SUMMARY, EXPLANATION AND LIMITATIONS:
Factor VIII or von Willebrand factor is a multimeric glycoprotein which bindes to platelet glycoprotein Ib, IIb/III, collagen and herapin. It is synthetized in endothelial cells and stored in cell Weibel-Palade bodies. It loss causes hemophilia A. It presents a granular reaction pattern, and can also be detected in megakaryocytes cytoplasm in human bone marrow sections. Factor VIII is a mediator of the platelets adhesion to the damaged vessel walls, is also the carrier and stabilizer of the coagulation factor VIII. Due to not all endothelial cells synthetize or store this molecule, is not possible detecting by staining the antigen related with Factor VIII in a 30% of vessels originated tumors, independently of its nature, malignant or benignant. The staining method with this antigen has also been used for determining the angiogenesis, an indicator of tumor recurrence.

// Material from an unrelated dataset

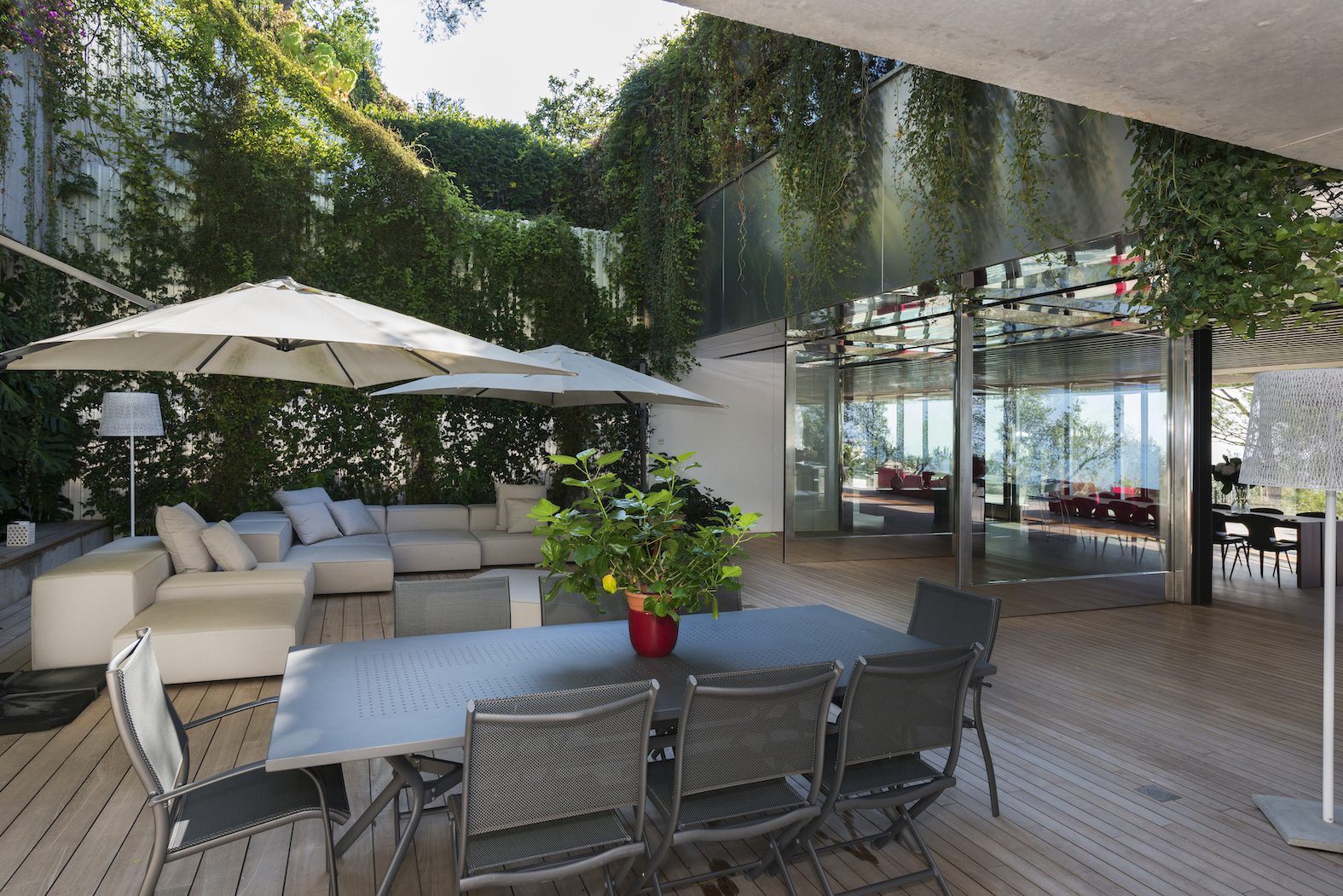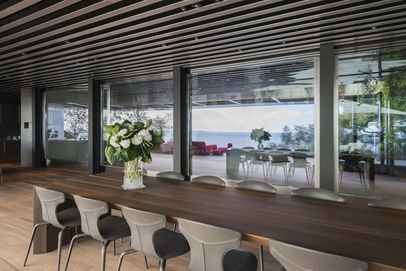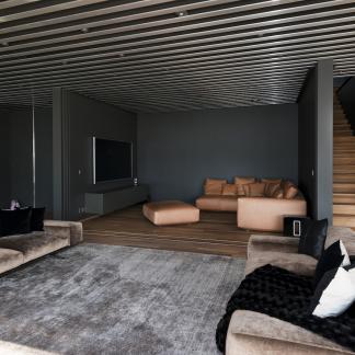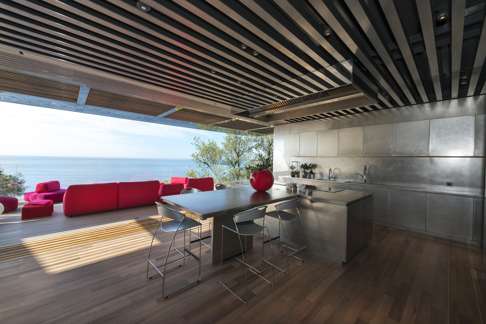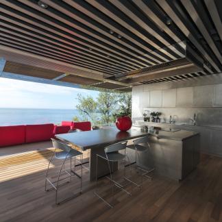 Vstup je přes střechu, která je zcela osázena rostlinami. Lanovka lemovaná schodištěm spojuje dvě obytná patra: čtyři apartmá a obývací pokoj, který je díky svému objemu a výhledu na rozlehlou azurovou hladinu přímo úchvatný.

Immunogen: Purified factor VIII related antigen / von Willebrand factor.
Staining pattern: Cytoplasmic.
Positive control: Tissue sample from skin, placenta or tonsil.
This antibody is designed for the specific localization of human factor VIII using IHC techniques in formalin-fixed, paraffin-embedded tissue sections.
It is used for characterizing endothelial cells or its derived in the vascularization and inflammatory lesions; diagnosing primary or secondary neoplasms originated in endothelium.